Une traduction de fou

 

Le fou du roi. Comme un conte des mille et une nuits mais au XXe siècle, à la cour du roi marocain Hassan II. C’est la parole d’un père, bouffon du roi, dont l’un des fils a été arrêté lors d’un attentat. Et après quelques minutes de discussion, Mahi Binebine explique allégrement à l’assemblée qu’il s’agit bien de son père et de son frère, ce dernier enfermé dans ce qu’il appelle un « mouroir, un camp de concentration presque ». Avec Le fou du roi, le fils prend la voix du père pour le réconcilier avec le frère. Délicat comme démarche non ? Et Mahi Binebine de répondre avec un éclat de rire : « Faut être schizophrène comme les écrivains. Ils sont tous schizophrènes ! »

A côté lui, Regina Keil-Sagawe, traductrice du roman évoque la difficulté de retranscrire en allemand une langue comme celle de Mahi Binebine, parsemée de mots arabes, en un sens, métissée. Il faut prendre les mots directement en arabe pour les reproduire en allemand, explique-t-elle, traduire directement du français ne fonctionne pas.

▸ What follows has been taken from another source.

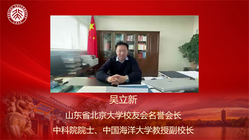 山東北大校友會(huì)名譽(yù)會(huì)長(zhǎng)、中科院院士、中國(guó)海洋大學(xué)副校長(zhǎng)吳立新院士因工作原因未能參會(huì),也發(fā)來情真意切的視頻賀詞。吳立新給校友們送上新春祝福,對(duì)校友會(huì)的辛勤付出和杰出貢獻(xiàn)表示感謝,并鼓勵(lì)大家弘揚(yáng)無私奉獻(xiàn)的北大精神,為中華民族的偉大復(fù)興貢獻(xiàn)一份力量。

Mais d’où part le langage du récit ? Mahi Binebine nous parle de francophonie. La langue qu’il utilise est française, mais avant tout marquée d’une vieille culture arabe qu’elle porte en elle. Pourtant, elle n’est qu’un outil. Ce qui importe, c’est ce qu’on raconte avec. Et avec la traduction de cette langue, « parfois on y gagne, parfois on y perd. C’est comme ça ! » Toujours en riant, il explique sa surprise lorsqu’il a appris que la traduction allemande du titre de son roman Cannibales était Wilkommen im Paradies. « Vous voyez, ça n’a rien à voir, mais c’est tout aussi bien ! C’est plus poétique. »

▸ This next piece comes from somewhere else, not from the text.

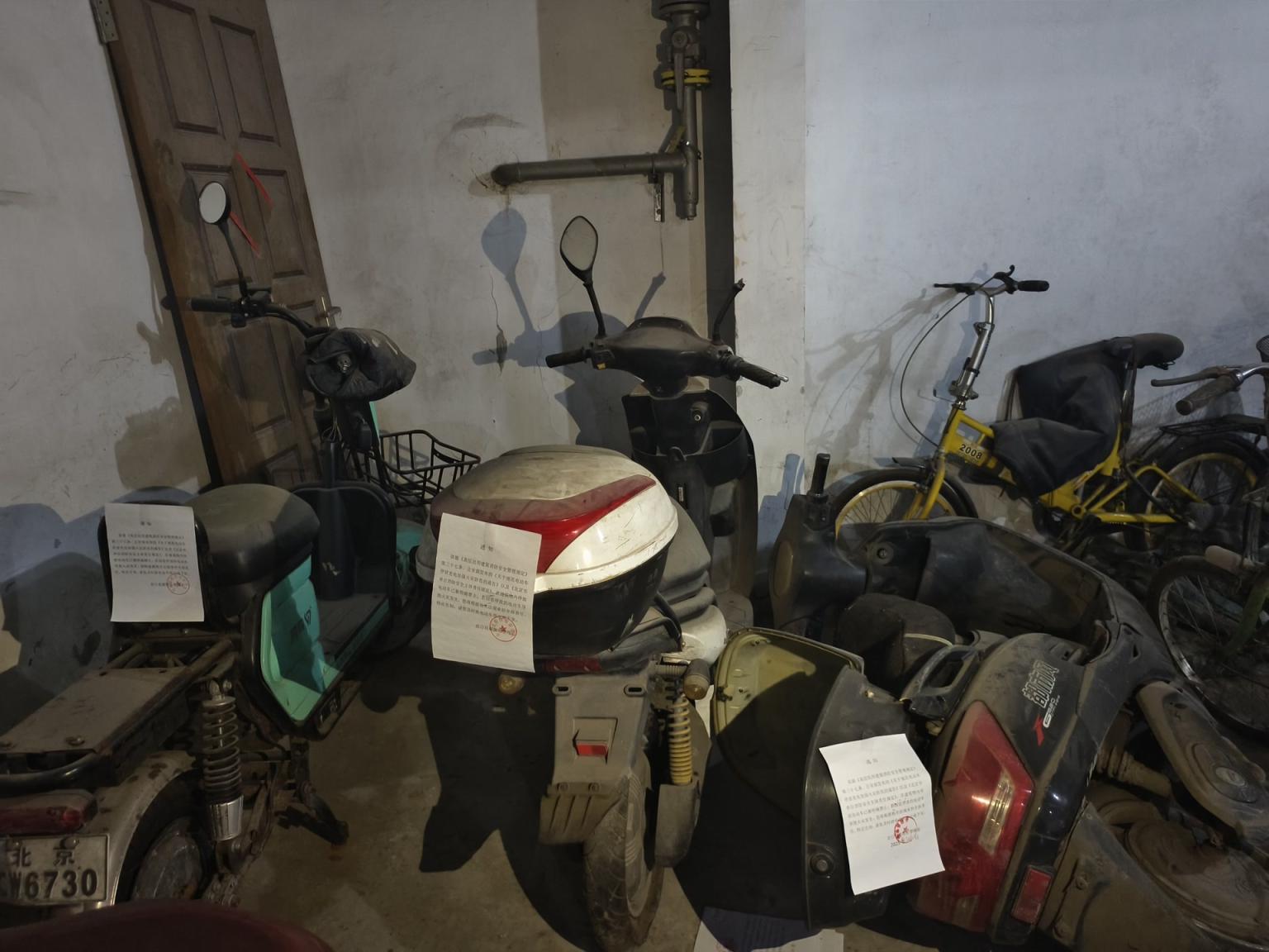 记者走进12号楼地下自行车库,还能看到墙面上残留着十余个充电口被拆的痕迹。这里不仅停着自行车,而且有不少电动自行车,有的车辆已经积满了灰尘,多辆车上都有物业不同时期张贴的挪车通知,但显然收效甚微。

Donc traduire enrichit. Parfois on y perd aussi, mais c’est le jeu. Pour Regina Keil-Sagawe, il y a toujours quelque chose qui échappe et qui résiste à la traduction. Et lorsqu’intrigué par cette affirmation je demande si cette dimension intraduisible est une perte de la traduction, Mahi Binebine rit encore et m’explique que la langue n’est pas un élément fondateur de ses romans. Il l’utilise, il en fait ce qu’il veut, à la rigueur il s’amuse avec, mais la traduction ne vient en aucun cas altérer le contenu.

En partant, Mahi Binebine me gratifie d’un immense sourire. Sa jovialité est contagieuse et c’est aussi en souriant que je cherche Le fou du roi dans les rayons de la librairie.